Meaningful limitation: Shippeo's North American carrier coverage is still catching up to its European depth. US-only operations will find better carrier coverage from domestic-first platforms.

6. EasyPost

EasyPost is a multi-carrier shipping API that includes tracking as part of its carrier connectivity layer. It is primarily a developer tool: it provides a unified API for rate shopping, label generation, and tracking across carriers including UPS, FedEx, USPS, DHL, and hundreds of regional carriers.

Best for: Operations with engineering resources that want to build a custom tracking experience without managing individual carrier API integrations directly.

Pricing tier: $ to $$ (pay-per-use; tracking events are low cost at scale)

Key differentiator: EasyPost's unified API handles the carrier-specific authentication, data normalization, and webhook delivery that would otherwise require individual integrations per carrier. This removes 80 to 200 hours of development time per carrier from your engineering backlog.

Meaningful limitation: EasyPost is infrastructure, not a product. There is no UI, no branded tracking page, and no exception management layer out of the box. You are building the experience on top of it.

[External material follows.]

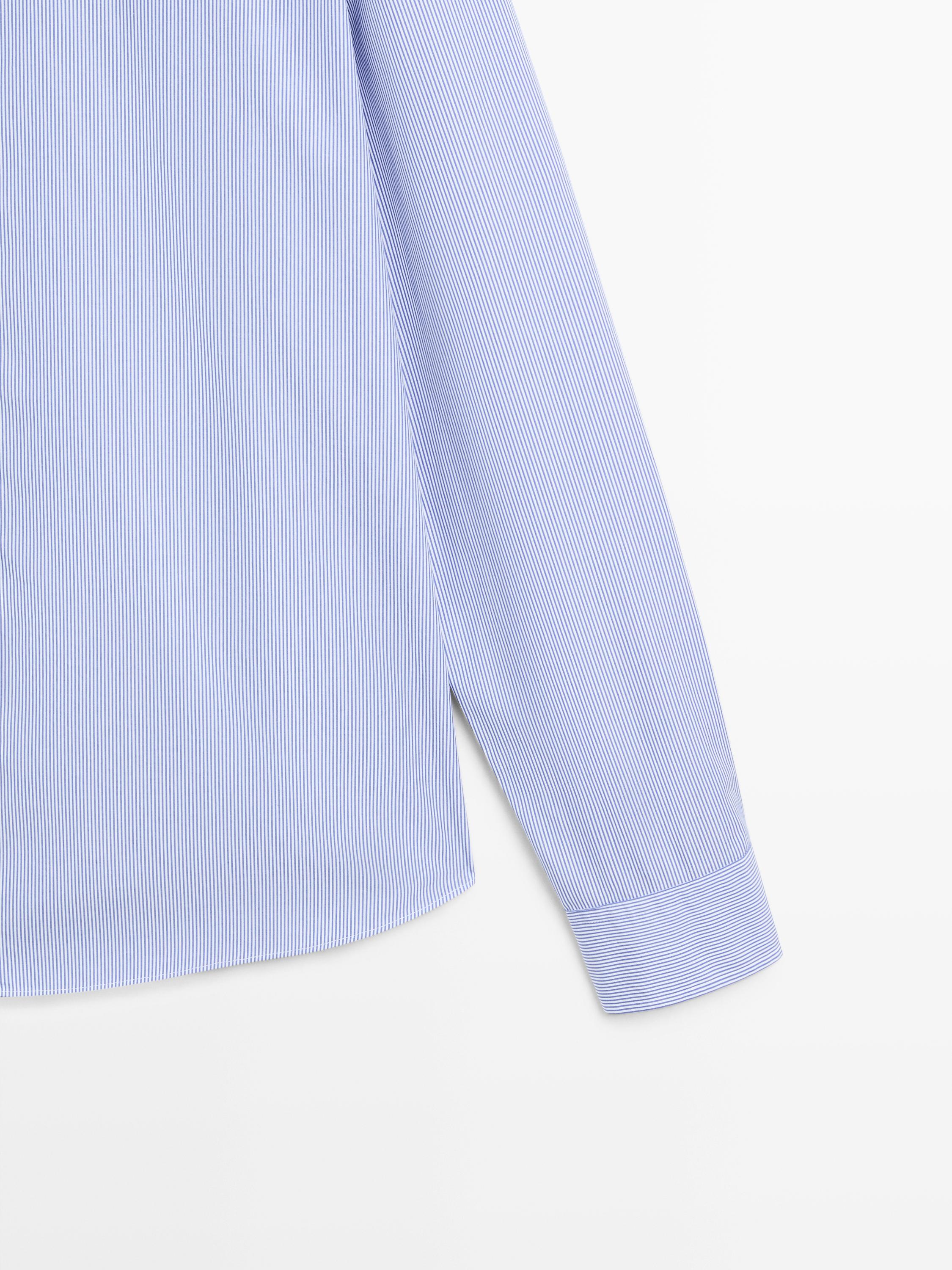 Regular fit: This fit offers comfort with a bit more room in the torso and arms, providing a classic, yet relaxed style. Long sleeves with buttoned cuffs. Oxford collar. Button-up front. Striped detail. Made of 100% cotton fabric.

Pro tip: If you are evaluating EasyPost to replace a carrier-agnostic platform, check whether your top 5 carriers already provide webhooks directly. If they do, EasyPost's value is in the long tail of smaller carriers, not your primary lanes.

7. Custom Glide Tracking Solutions

For freight forwarders whose workflows do not fit the template assumptions of off-the-shelf platforms, a custom-built tracking layer can be more practical than forcing an enterprise platform to accommodate non-standard operations.

LowCode Agency has built freight visibility tools on Glide for operations that needed carrier tracking integrated with proprietary customer portals, customs document workflows, and internal load boards that no off-the-shelf platform supports. The founder worked at Glide, which means this is not a surface-level integration.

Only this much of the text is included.